Someone posted something about John Piper coming to understand the sacraments as converying grace and not being just a memorial. Can anyone direct me to that resource (an article or whatever of his)? Thanks


----------



## RamistThomist (Jun 3, 2005)

I think it would be more accurate, from what I understand of Piper, to say that he has come to a more Reformed and less Baptistic view of the sacraments. A lot of Reformed Baptists--like Beasley-Murray--have done similar. Now, I don't know how this would co-op with his credobaptism.


----------



## Scott (Jun 3, 2005)

I rememebr reading something about him beleiving that something really happened during the Lord's Supper. It was more than a memory device.


----------



## puriteen18 (Jun 10, 2005)

I heard Piper once say that although we do recieve grace in the sacraments, that it is no more than the grace we receive in doing anything else out of faith. Then, if memory serves me correctly, he went on to list a few mundane activities that everyone performs at some time of the day.

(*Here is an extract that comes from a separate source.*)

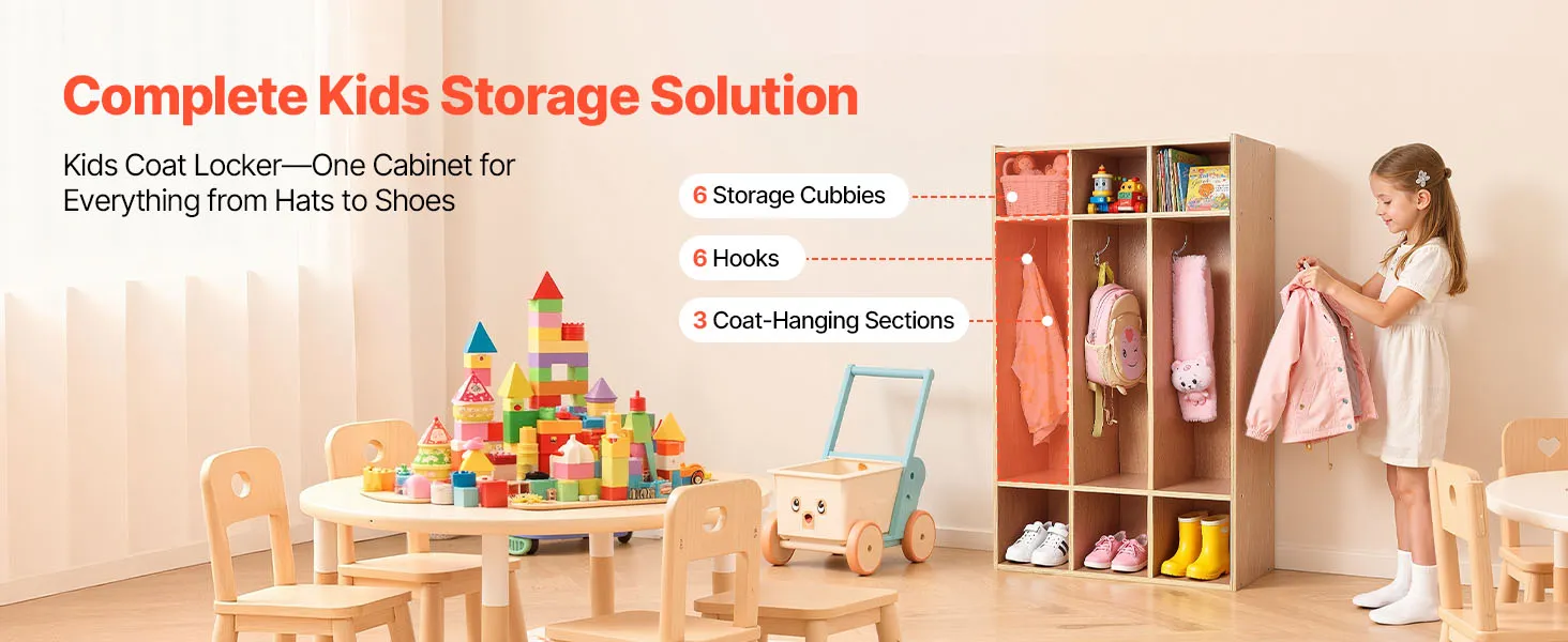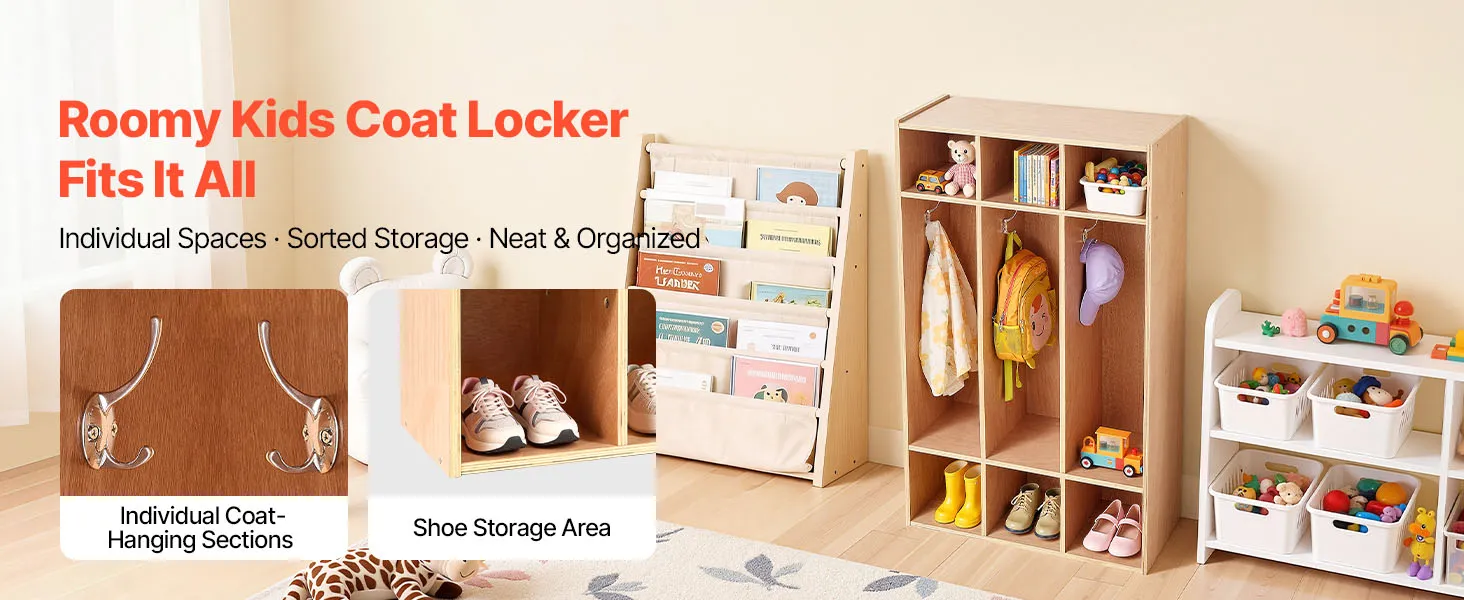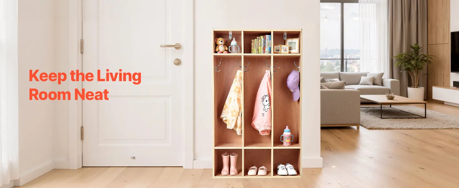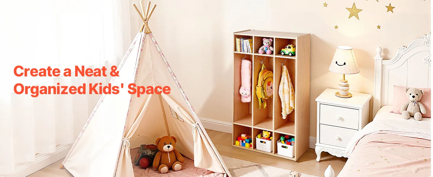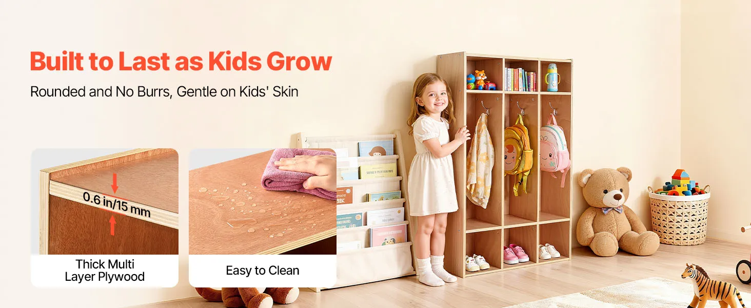 VEVOR Open Kinderkledingkast van multiplex, Kinderkledingkast met 6 haken en 9 vakken (3 grote + 6 kleine), kledingkastplank en opbergplank voor kinderkamer, thuis, kleuterschool, kinderdagverblijf
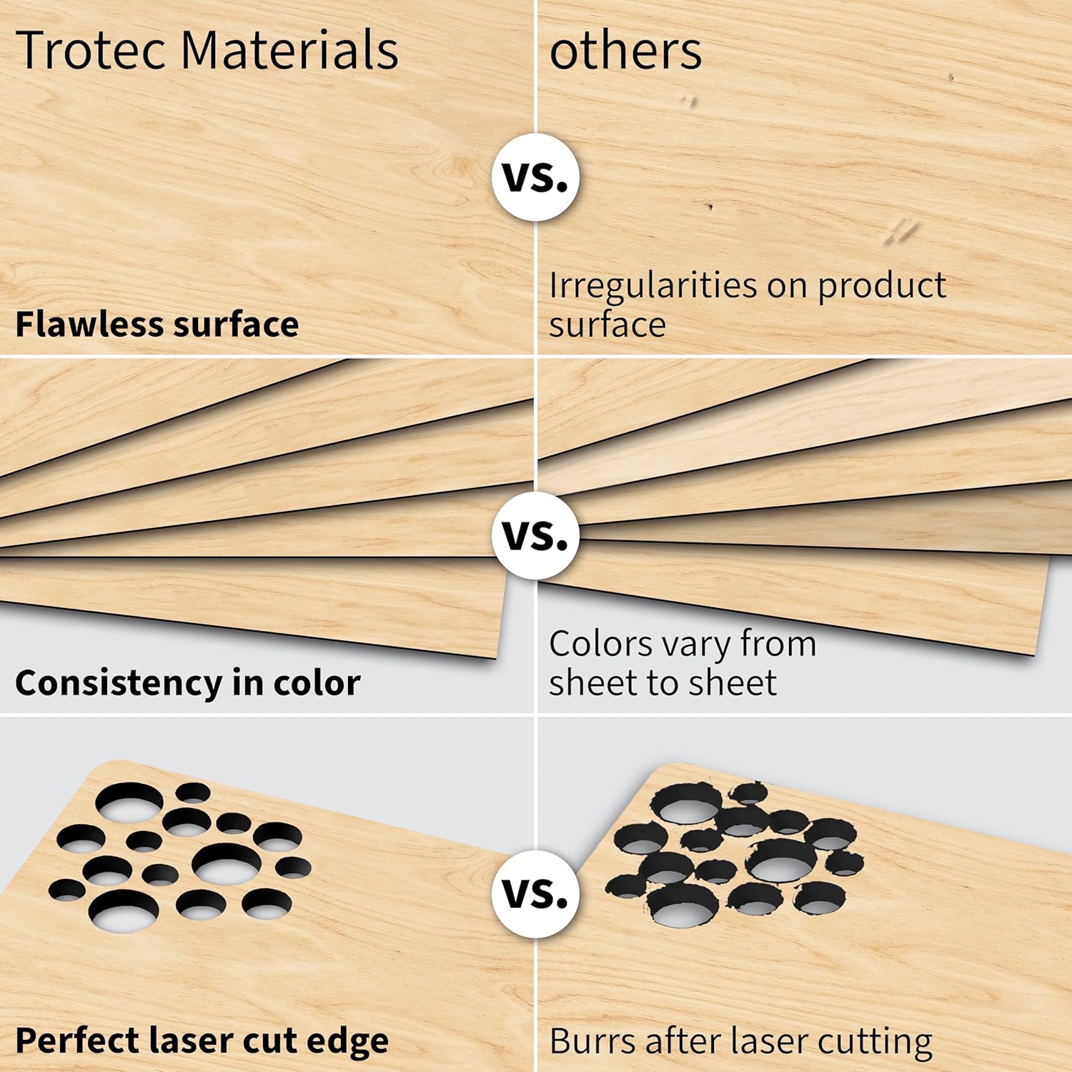 Trotec TroLase | 12"x12"x1/16", 8 Pcs | Maple/Black | 2 Ply | Modified Acrylic | Laser Engraving Double Color Plastic Sheet | Engraving Blanks for Laser, Saw, Guillotine | Made in USA

He, I think, was making a point of sustaining grace.

It was hearing this that really turned me off Piper.

(_And now to venture out upon a small tangent_)

The problem with most "Reformed" Baptists is that they are really nothing more than five-pointers. It seems that even those that claim to hold to the 1689 haven't read it thoroughly enough.

If these would just follow the 1689 confession and catechism it would be okay, since they both teach that worthy recievers do spiritually commune with the body and blood of Christ.

Historically speaking, there is nothing "Baptistic" about the memorial view, atleast in the Particular Baptist line. 

The memorial veiw seems to be adopted from the Free Will Baptists, or perhaps even the Mennonites around the end of the nineteenth century.


----------